**Exercise details:**
Only the first line of the listing and the lines after it, up to and including the one containing "Plakat w ramie", should be retyped exactly.

**Data under study:**
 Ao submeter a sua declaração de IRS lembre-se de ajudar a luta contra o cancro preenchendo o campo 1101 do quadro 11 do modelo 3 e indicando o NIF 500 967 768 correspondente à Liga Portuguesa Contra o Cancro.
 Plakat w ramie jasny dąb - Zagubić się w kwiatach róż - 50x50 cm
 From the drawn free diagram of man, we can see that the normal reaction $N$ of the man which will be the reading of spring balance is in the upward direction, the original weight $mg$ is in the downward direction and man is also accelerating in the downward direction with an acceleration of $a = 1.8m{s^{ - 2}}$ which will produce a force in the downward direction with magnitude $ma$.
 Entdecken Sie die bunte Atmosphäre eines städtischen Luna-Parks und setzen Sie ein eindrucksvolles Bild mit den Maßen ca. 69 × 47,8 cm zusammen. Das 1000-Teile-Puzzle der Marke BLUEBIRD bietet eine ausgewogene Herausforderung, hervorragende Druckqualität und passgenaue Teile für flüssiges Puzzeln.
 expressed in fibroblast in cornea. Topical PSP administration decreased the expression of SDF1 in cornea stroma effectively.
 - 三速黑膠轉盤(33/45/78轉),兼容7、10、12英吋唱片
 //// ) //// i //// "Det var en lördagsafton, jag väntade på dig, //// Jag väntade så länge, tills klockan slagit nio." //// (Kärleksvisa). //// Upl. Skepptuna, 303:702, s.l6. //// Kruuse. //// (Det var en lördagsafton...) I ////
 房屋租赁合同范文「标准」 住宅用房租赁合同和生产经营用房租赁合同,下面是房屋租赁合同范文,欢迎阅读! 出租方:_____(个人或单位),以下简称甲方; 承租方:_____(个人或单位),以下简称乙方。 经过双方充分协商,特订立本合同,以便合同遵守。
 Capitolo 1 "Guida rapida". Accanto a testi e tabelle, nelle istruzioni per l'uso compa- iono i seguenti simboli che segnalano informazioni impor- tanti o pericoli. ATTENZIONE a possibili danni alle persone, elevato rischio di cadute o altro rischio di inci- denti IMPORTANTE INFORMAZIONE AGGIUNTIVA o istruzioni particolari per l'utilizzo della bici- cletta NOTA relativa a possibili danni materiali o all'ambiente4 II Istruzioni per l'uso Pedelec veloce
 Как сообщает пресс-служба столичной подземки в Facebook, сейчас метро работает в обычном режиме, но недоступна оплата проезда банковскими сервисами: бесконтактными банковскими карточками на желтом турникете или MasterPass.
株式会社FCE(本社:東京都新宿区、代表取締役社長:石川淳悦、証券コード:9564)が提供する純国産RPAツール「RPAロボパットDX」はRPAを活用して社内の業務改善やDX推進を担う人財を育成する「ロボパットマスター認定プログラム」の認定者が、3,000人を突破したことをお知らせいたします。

**Exercise response:**
 Ao submeter a sua declaração de IRS lembre-se de ajudar a luta contra o cancro preenchendo o campo 1101 do quadro 11 do modelo 3 e indicando o NIF 500 967 768 correspondente à Liga Portuguesa Contra o Cancro.
 Plakat w ramie jasny dąb - Zagubić się w kwiatach róż - 50x50 cm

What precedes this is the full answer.